Joseph Smith had been accused of being a con-artist, many televangelists are con-artists....hmmmm.


----------



## Rich Koster (Mar 17, 2012)

The WoF movement came out of Kenyon's so-called personal revelations from Christ during a serious illness. Smith claims the same kind of personal revelations. I remeber him getting them from Moroni, not sure if he claimed any direct from Christ. While the details may differ, the source of the deception is the same.
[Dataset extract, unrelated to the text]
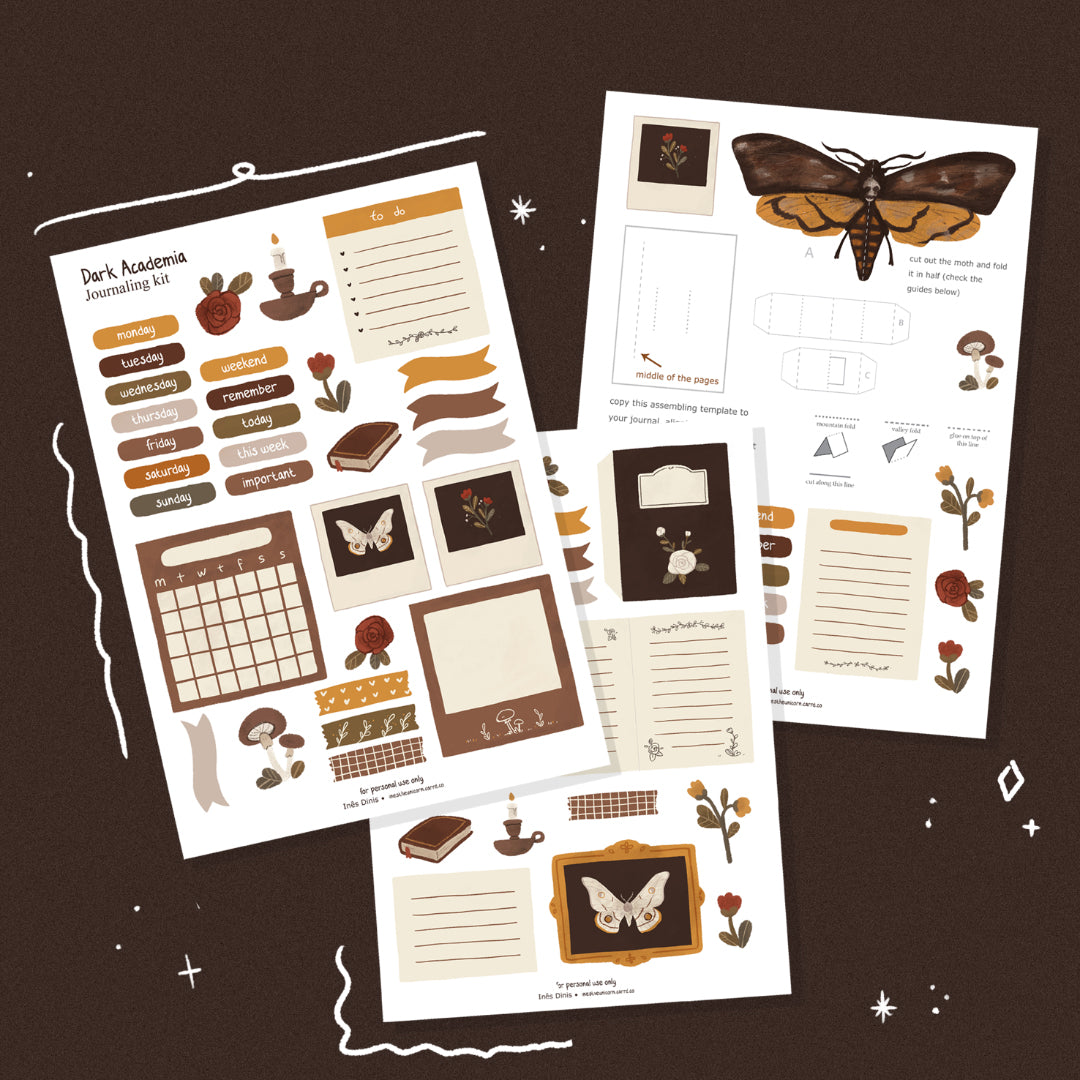 3 pages full of magical dark academia and witchy things! It also comes with a bunch of interactive decorations, where you can write your notes! Perfect to stick to your planners and sketchbooks !🍂
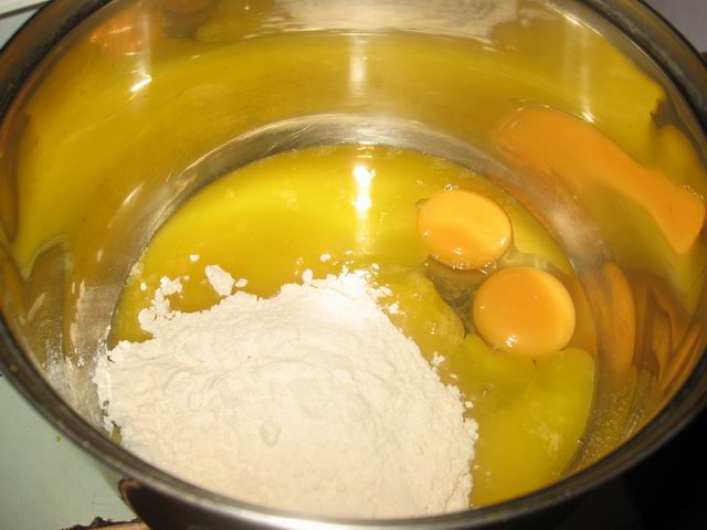 Соединяем растопленное масло, яйца и начинаем замешивать тесто.

They put dreams down on paper and turned them into doctrine.


----------



## J. Dean (Mar 17, 2012)

Rufus said:


> Joseph Smith had been accused of being a con-artist, many televangelists are con-artists....hmmmm.


And he had a heck of an imagination, too! Reading the summary of the book of Mormon, it sounds like something out of a science fiction novel!

It's very sad.

---------- Post added at 09:01 AM ---------- Previous post was at 08:59 AM ----------




Rich Koster said:


> The WoF movement came out of Kenyon's so-called personal revelations from Christ during a serious illness. Smith claims the same kind of personal revelations. I remeber him getting them from Moroni, not sure if he claimed any direct from Christ. While the details may differ, the source of the deception is the same. They put dreams down on paper and turned them into doctrine.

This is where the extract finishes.